Saved data entries
☆ ☆ ☆ ☆ ☆ ☆ ☆
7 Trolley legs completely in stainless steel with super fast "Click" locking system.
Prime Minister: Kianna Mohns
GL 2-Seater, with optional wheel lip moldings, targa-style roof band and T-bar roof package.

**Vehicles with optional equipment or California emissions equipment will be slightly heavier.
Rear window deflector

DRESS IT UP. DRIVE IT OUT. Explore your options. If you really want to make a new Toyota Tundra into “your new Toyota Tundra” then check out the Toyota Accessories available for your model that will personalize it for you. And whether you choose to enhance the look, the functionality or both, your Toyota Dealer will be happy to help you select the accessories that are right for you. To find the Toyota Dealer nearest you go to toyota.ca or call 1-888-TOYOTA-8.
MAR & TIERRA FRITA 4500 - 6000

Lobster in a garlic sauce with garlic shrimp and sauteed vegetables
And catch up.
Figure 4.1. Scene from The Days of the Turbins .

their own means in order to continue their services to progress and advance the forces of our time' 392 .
☆ ☆ ☆ ☆ ☆ ☆ ☆
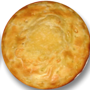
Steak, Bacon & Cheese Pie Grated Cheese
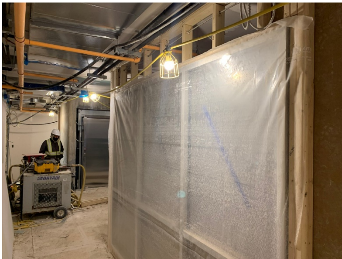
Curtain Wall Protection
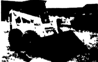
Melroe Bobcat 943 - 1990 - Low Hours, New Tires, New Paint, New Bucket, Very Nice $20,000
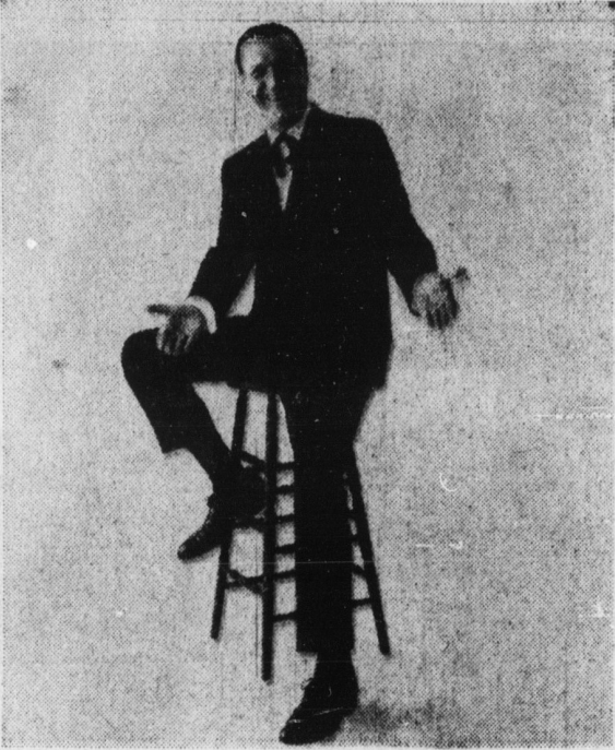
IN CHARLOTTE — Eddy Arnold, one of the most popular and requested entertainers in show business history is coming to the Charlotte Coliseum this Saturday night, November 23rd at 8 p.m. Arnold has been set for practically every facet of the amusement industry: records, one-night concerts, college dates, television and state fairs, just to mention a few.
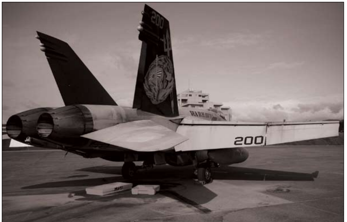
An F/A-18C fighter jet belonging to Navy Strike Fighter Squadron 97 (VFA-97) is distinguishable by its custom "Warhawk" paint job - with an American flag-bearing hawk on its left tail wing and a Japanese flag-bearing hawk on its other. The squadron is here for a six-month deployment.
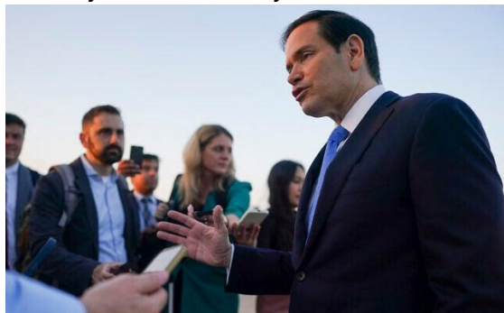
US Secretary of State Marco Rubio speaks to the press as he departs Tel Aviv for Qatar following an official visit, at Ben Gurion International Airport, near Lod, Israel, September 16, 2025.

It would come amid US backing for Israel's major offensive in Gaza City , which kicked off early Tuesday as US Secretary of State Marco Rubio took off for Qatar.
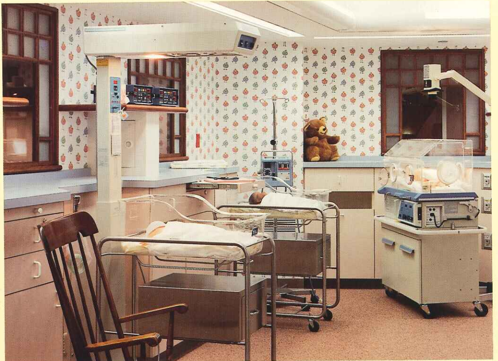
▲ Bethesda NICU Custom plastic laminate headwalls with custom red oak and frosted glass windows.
☆ ☆ ☆ ☆ ☆ ☆ ☆
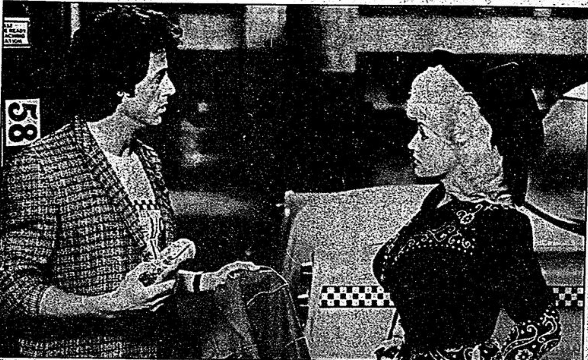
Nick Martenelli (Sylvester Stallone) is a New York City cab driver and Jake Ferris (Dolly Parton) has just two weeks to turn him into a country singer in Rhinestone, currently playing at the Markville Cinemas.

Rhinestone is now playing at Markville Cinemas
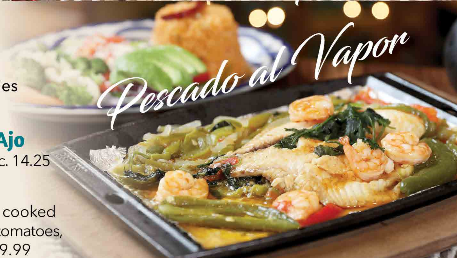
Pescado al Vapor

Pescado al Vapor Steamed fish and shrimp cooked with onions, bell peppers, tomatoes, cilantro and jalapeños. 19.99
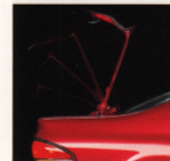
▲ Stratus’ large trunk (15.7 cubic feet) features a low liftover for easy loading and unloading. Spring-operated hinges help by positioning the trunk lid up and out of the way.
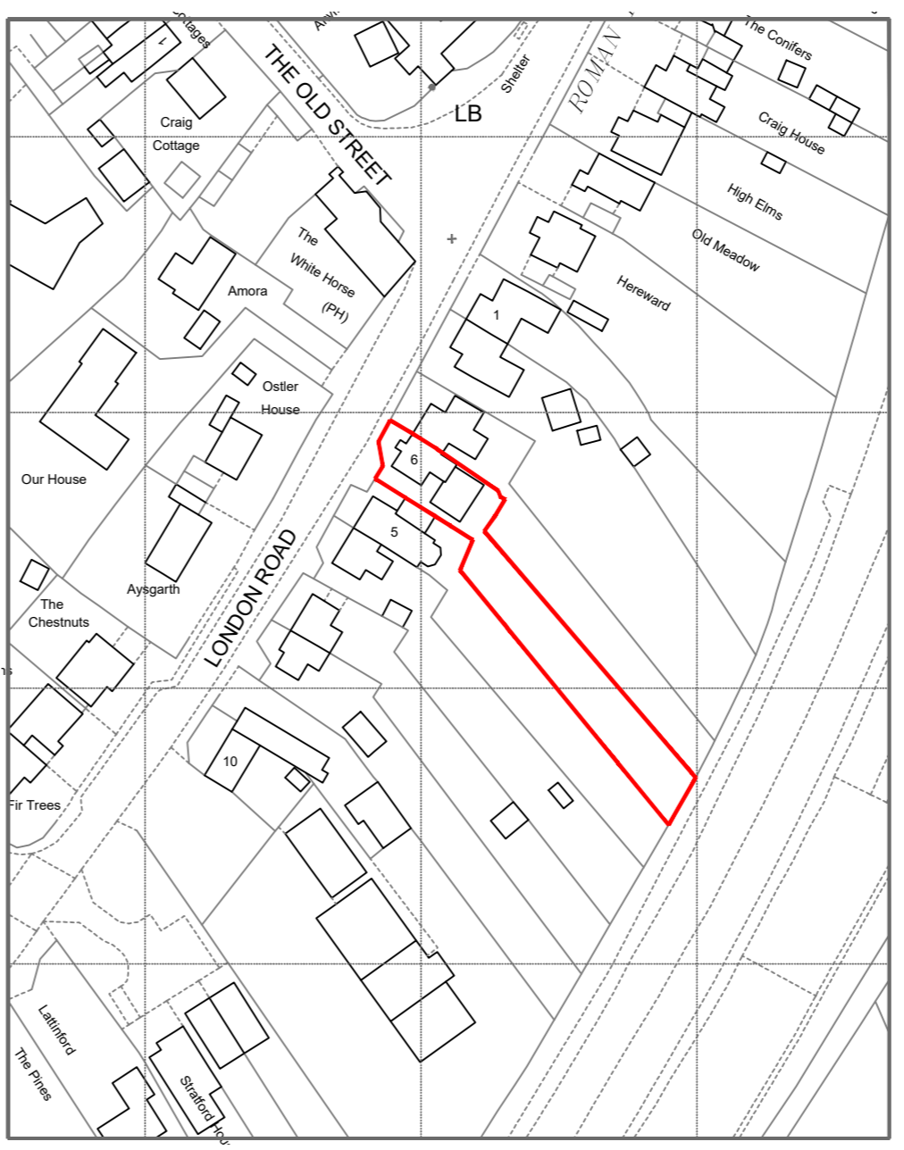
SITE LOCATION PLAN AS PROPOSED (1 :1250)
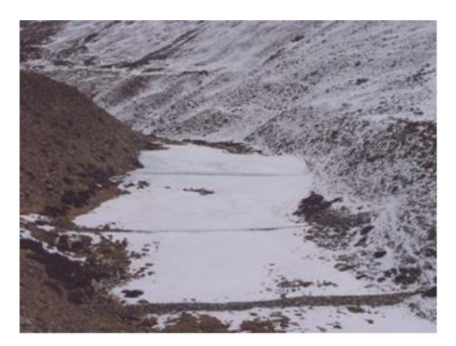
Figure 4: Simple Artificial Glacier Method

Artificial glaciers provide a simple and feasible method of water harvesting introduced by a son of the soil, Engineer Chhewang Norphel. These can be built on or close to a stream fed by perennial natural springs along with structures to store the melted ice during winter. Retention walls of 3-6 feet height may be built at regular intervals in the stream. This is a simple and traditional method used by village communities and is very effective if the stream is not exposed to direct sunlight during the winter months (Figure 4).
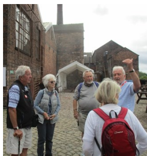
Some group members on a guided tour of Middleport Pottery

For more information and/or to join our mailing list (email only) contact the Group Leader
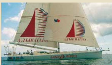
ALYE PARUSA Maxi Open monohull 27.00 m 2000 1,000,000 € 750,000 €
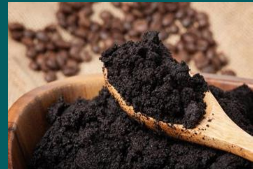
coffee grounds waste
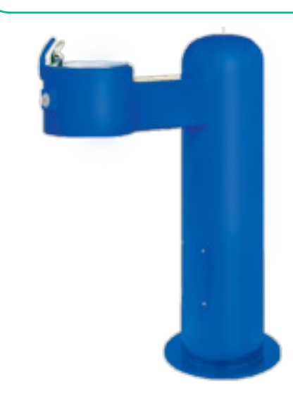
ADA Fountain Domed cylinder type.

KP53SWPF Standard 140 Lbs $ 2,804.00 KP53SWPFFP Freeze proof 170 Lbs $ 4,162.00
☆ ☆ ☆ ☆ ☆ ☆ ☆
* [WHAT YOU NEED TO DO]:
When the entries above show the word "Marco" in a line, copy that line out.

* [WRITTEN REPLY]:
US Secretary of State Marco Rubio speaks to the press as he departs Tel Aviv for Qatar following an official visit, at Ben Gurion International Airport, near Lod, Israel, September 16, 2025.
It would come amid US backing for Israel's major offensive in Gaza City , which kicked off early Tuesday as US Secretary of State Marco Rubio took off for Qatar.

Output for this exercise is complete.